The four stimulus conditions (CS, CM, FS, FM) and the fixation condition were presented in a block design and repeated 4 times in a fixed order within a single time series or run. Each block lasted 24 s and consisted of 8 functional images, yielding 160 functional volumes per time series. Within a stimulus block 24 different stimuli were randomly presented for 1 s without an interstimulus gap. Thus all 48 stimuli per condition were divided randomly into 2 blocks and repeated once within a given time series. Presentation order of the conditions was randomized between the time series. Twelve time series were recorded in each subject, divided over two sessions. Sensitivity to 3D shape from binocular disparity was assessed by the interaction between stereo and curvedness (stereo interaction): (CS − CM) − (FS − FM). Sensitivity to binocular disparity (main effect of disparity or stereo) was obtained by the contrast (CS + FS) − (CM + FM).
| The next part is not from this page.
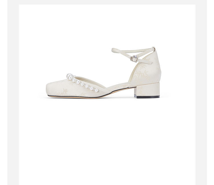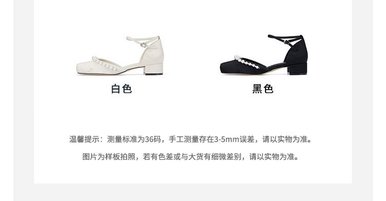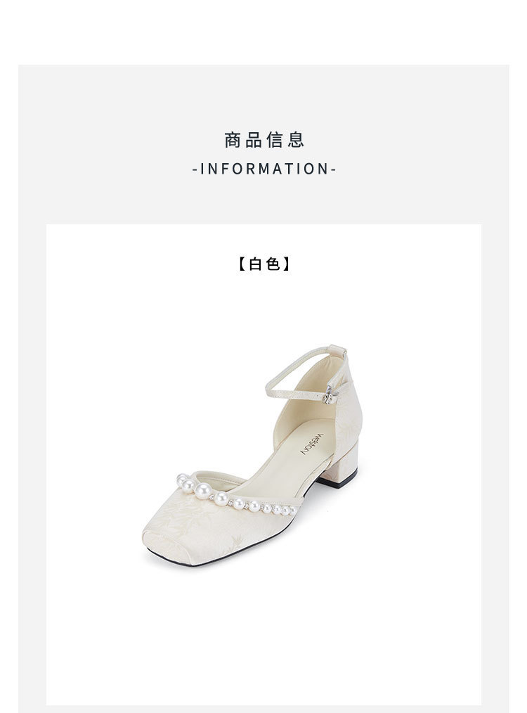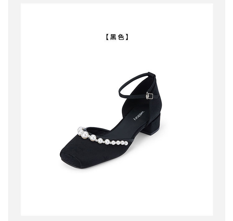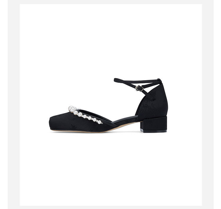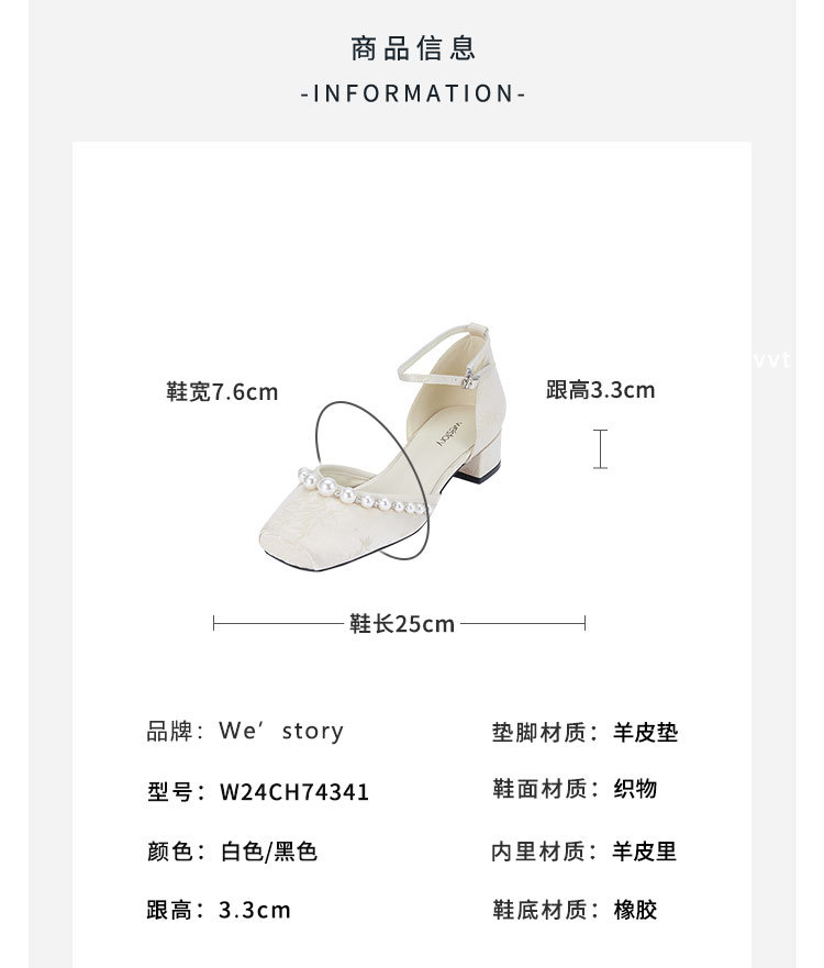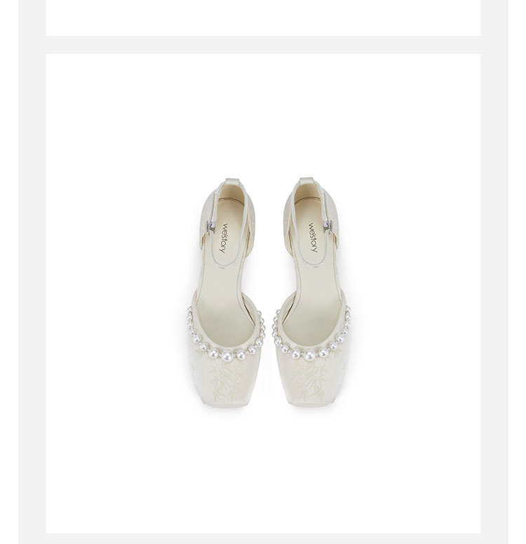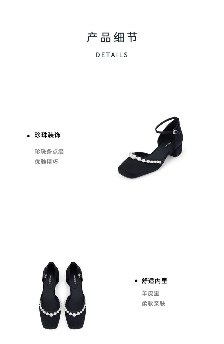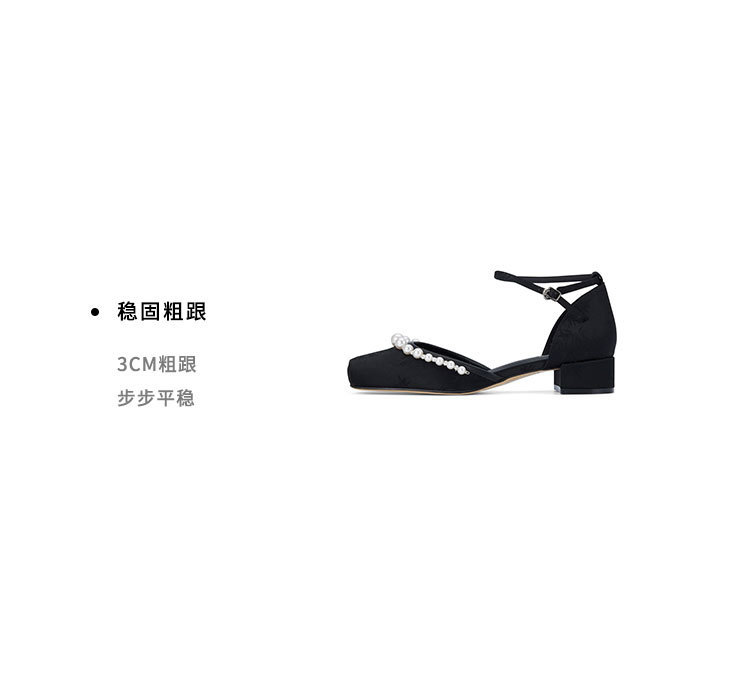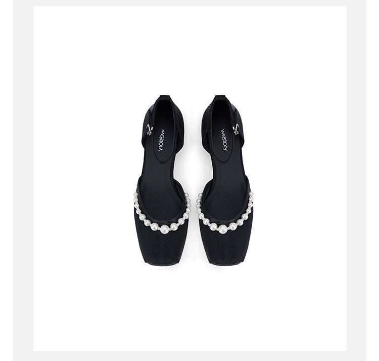 westory夏季新款方根中跟珍珠饰扣方头搭扣包头后空鞋W24CH74341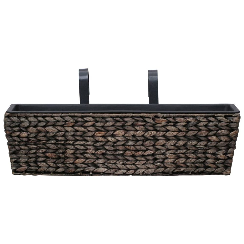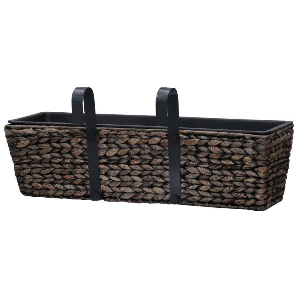 Feitas em jacinto de água altamente durável, estas floreiras serão um complemento muito atraente para o seu espaço ao ar livre. Caberão na maioria dos seus parapeitos ou nas grades da varanda. A sua estrutura de tecelagem apertada e os dois suportes de metal produzem um acabamento suave e proporcionam uma ótima estabilidade. Equipado com 2 vasos de zinco no interior, este conjunto de floreiras assegurará uma longa vida útil. Todos os tipos de plantas e flores verdes vivas podem ser colocadas nos vasos.

The sensitivity to the visual stimuli used in the main experiment was assessed by the contrast (CS + CM + FS + FM) − 4Fix.
Control experiment: high-acuity task (n = 6)
To validate the data from the main experiment we performed an additional control experiment with two purposes: (1) to minimize the vergence eye movements and (2) to control for variations in attention among the different conditions that may have influenced the results of the main experiment. In the main experiment, subjects were passive and simply fixated the cross in the middle of the screen. Six of these subjects (1, 3, 19, 20, 21, 22 in Table 1) were scanned while performing a high-acuity task (Vanduffel et al., 2001) during which the stimuli used in the main experiment were presented. They were required to interrupt a light beam with their right thumb when a small yellow bar, presented in the middle of the screen changed orientation (for 1 s) from horizontal to vertical at random intervals between 2 and 10 s. Psychophysical tests performed in the scanner indicated that performance level (percentage correct detection of orientation change) decreased and reaction time increased with decreasing bar size, suggesting that these are sensitive indicators of the subjects' attentional state (Sawamura et al., 2005). Before the scanning session subjects performed a psychophysical test in the scanner in which the level of performance at different bar sizes was tested. The bar size that corresponded to 80% correct detection was selected for each subject, whose individual values ranged from 0.11 × 0.04° to 0.19 × 0.08°. Six time series were tested in a single scan session for each subject.
Retinotopic mapping
The retinotopic stimuli consisted of clockwise rotating wedges and expanding rings with one full cycle completed in 32 steps per 64 s. The eccentricity of the stimuli ranged from 0.25 to 7.75°. We used monochromatic, 6 Hz counter phasing checkerboard stimuli [16/(2π) azimuthal spatial frequency]. The radial size and spatial frequencies of the eccentricity rings were scaled according to a log(r) law, as was the radial extent of the checkerboards within the eccentricity rings and polar angle wedges. The sizes of both the polar angle wedge in the azimuthal direction and the expanding circles in the radial direction were designed to illuminate points on the screen for 8 s. In middle level areas this procedure optimizes the time between two concurrent activations during which the response can return to the baseline before being activated in the following cycle, which is determined by the receptive field size of the local neurons. Each time series/run consisted of four cycles lasting 256 s. Each experiment for examining eccentricity and polar angle consisted of four runs, yielding a total of 8 runs collected in a single session. These experiments were performed in subjects 1–5 (Table 1). We performed test and retest measurements of the retinotopy experiments in subjects 1 and 2. To calibrate the color scale for polar angle distribution we performed an independent test presenting fixed stimuli of the vertical (±6° polar angle) and horizontal (±3° polar angle) meridians filled with the same checkerboard design. A comparison of the location of the vertical versus horizontal activation provided a calibration of the color wheel for the primary visual areas. A possible second-order systematic error due to a difference in lag of the hemodynamic response function for lower and higher visual areas is small compared with the systematic error from averaging clockwise and anticlockwise runs due to receptive field size and voxel size.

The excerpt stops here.